Mitigation of Residential EV Charging Effects on Power Distribution Networks with Optimal Allocation of DGs Using Coati Optimization

Electric vehicle (EV) charging deteriorates the performance of power distribution networks. This may lead to issues such as distortion of the daily demand profile, deterioration in bus voltage magnitudes, increased system losses, phase imbalances and power quality concerns. This paper examines the effects of slow, residential EV charging on a 240-bus power distribution network in Iowa, U.S.A. The investigation estimates the charging demand of approximately 1,500 EVs across four different segments, representing over 1,000 U.S. residents, using data from the 2017 National Household Travel Survey. The findings reveal that slow, residential EV charging significantly increases network load, particularly during or after evening hours. To counteract these adverse effects, wind power-based distributed generation (DG) resources were optimally allocated in the 240-bus network using the coati optimization algorithm (COA), which is a recently developed metaheuristic algorithm. A multi-objective optimization problem was formulated to minimize both active power losses and the voltage magnitude deviation of the network.
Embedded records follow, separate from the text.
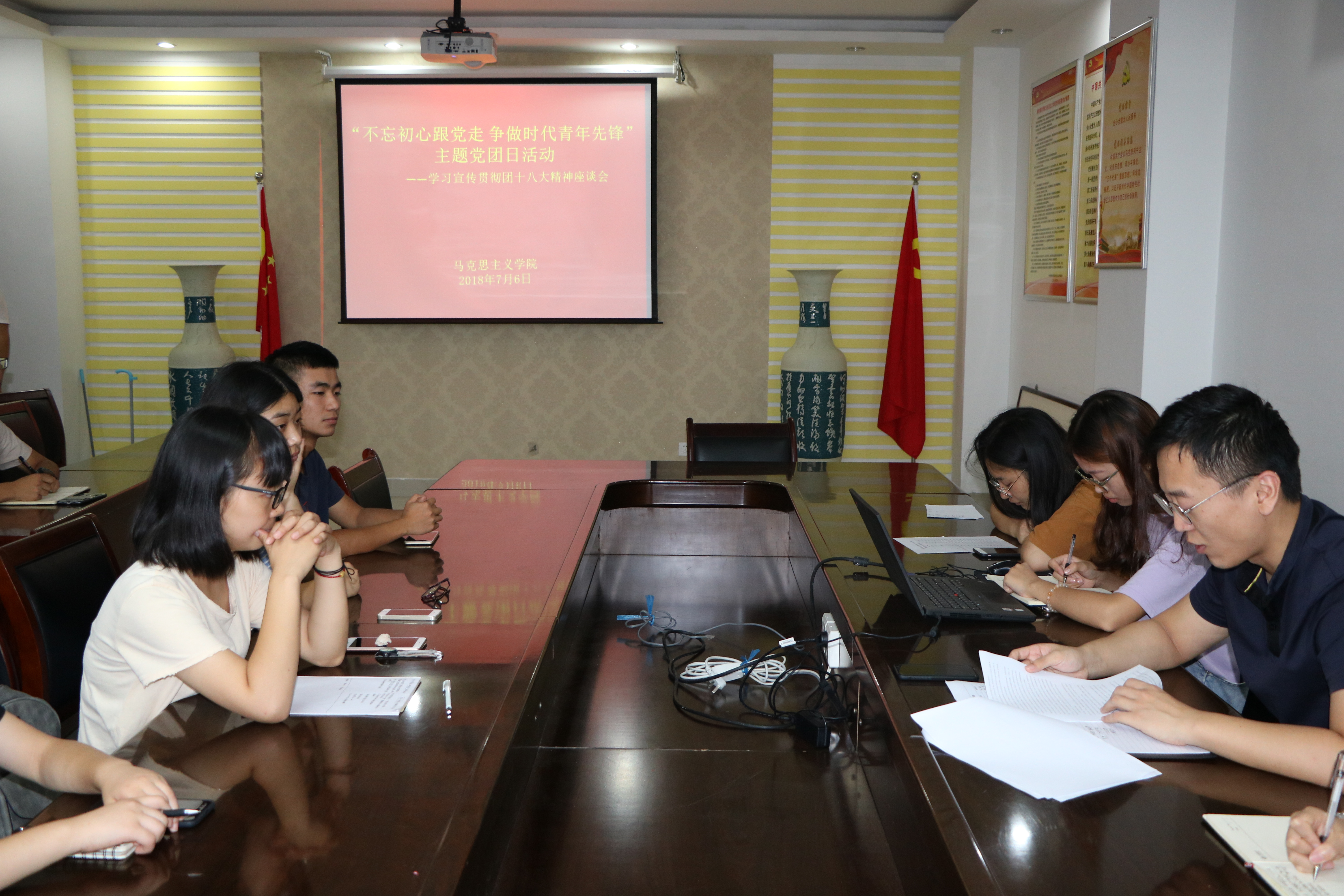 为加强对广大青年团员的教育,学习贯彻习近平新时代中国特色社会主义思想和党的十九大精神,7月6日下午,beat365亚洲版官网于323会议室开展了“不忘初心跟党走,争做时代青年先锋”主题党团日活动,组织团员青年学习座谈中国共产主义青年团第十八次全国代表大会精神。beat365官网团委书记曹栋与20名团员代表共同参加了此次会议。会议由曹栋主持。
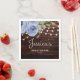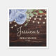 Rustikale, dunkelbraune Holzservietten aus Brautparty, mit glitzernden Saitenlampen und periwinkelblauen Aquarellblumen. Personalisiert mit dem Namen und dem Datum des Brautparty der Braut. Kontaktieren Sie uns für Hilfe bei der Anpassung oder der Anpassung von Produkten.
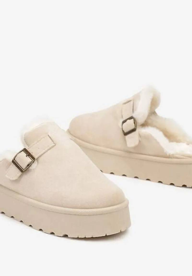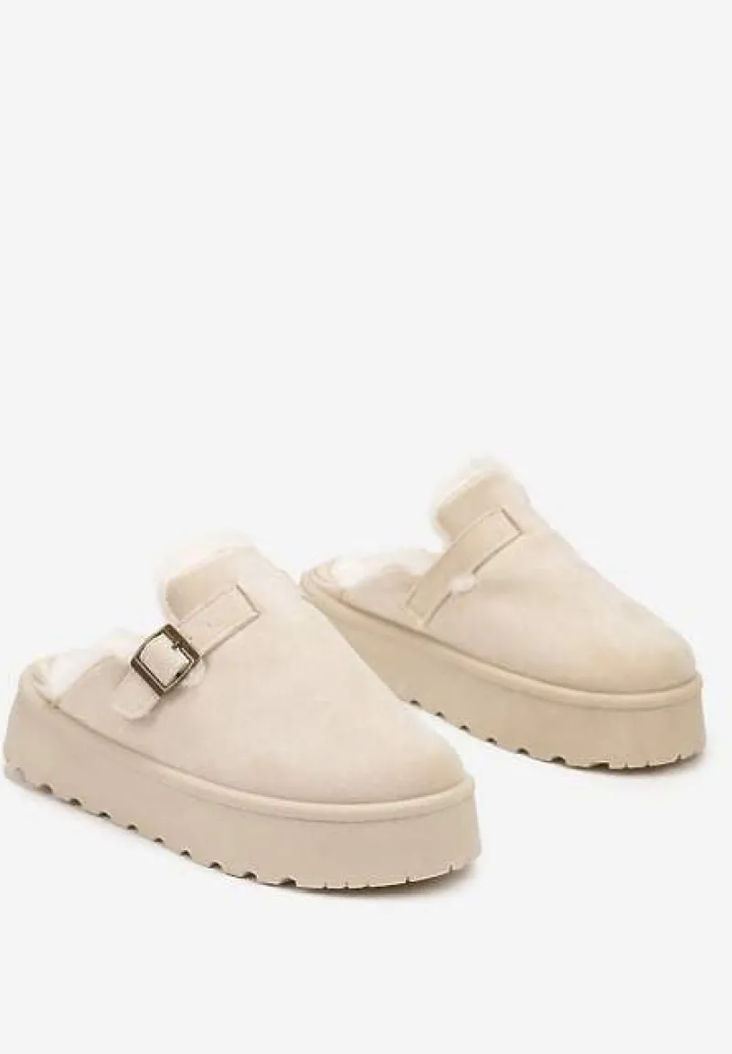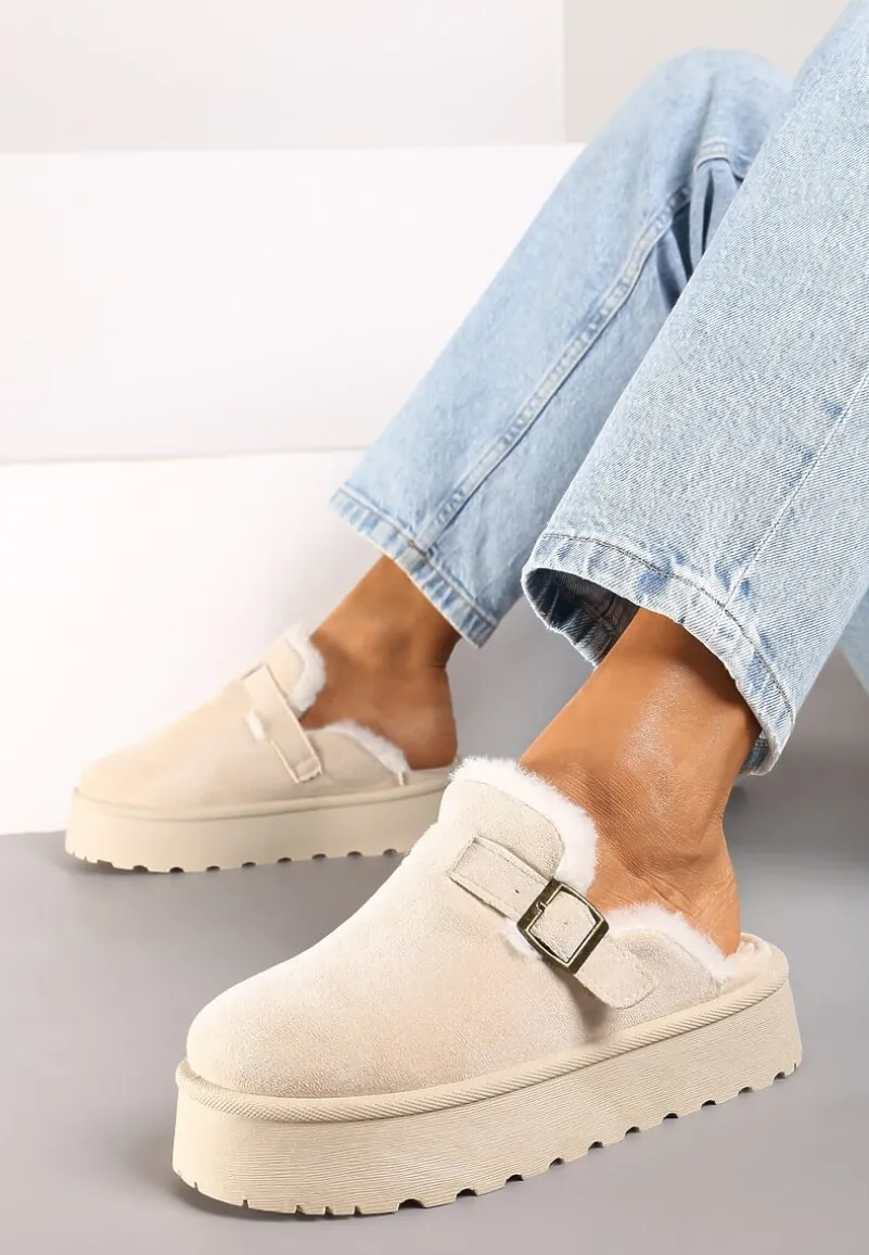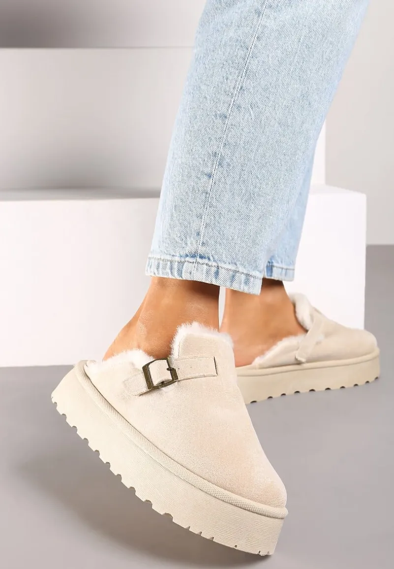 Kapcie Nevelora to synonim domowego stylu w modnym wydaniu. Ich platforma zapewnia stabilizację. Zapięcie na klamrę nie tylko świetnie wygląda, ale również pozwala na indywidualne dopasowanie kapci do stopy. Wykończone w nowoczesnym stylu pasują zarówno do casualowych, domowych stylizacji, jak i eleganckich, wieczorowych zestawów. Możesz je zestawić z modne leginsy i długim, swobodnym swetrem lub z aksamitnymi spodniami i jedwabną koszulą dla szczypty elegancji w domowym zaciszu.

Wind speed patterns for the site were sourced from Iowa Environmental Mesonet data. The COA simplifies implementation, reduces complexity and scales efficiently, making it ideal for real-world power systems. It outperforms traditional methods by finding optimal solutions faster while minimizing computational time and resources for DG sizing. The results demonstrate that the proposed technique effectively reduces network active power losses by 38.45% and network voltage deviation by 51.61%, validating its ability to mitigate the negative impacts of EV charging demand on the power distribution network performance.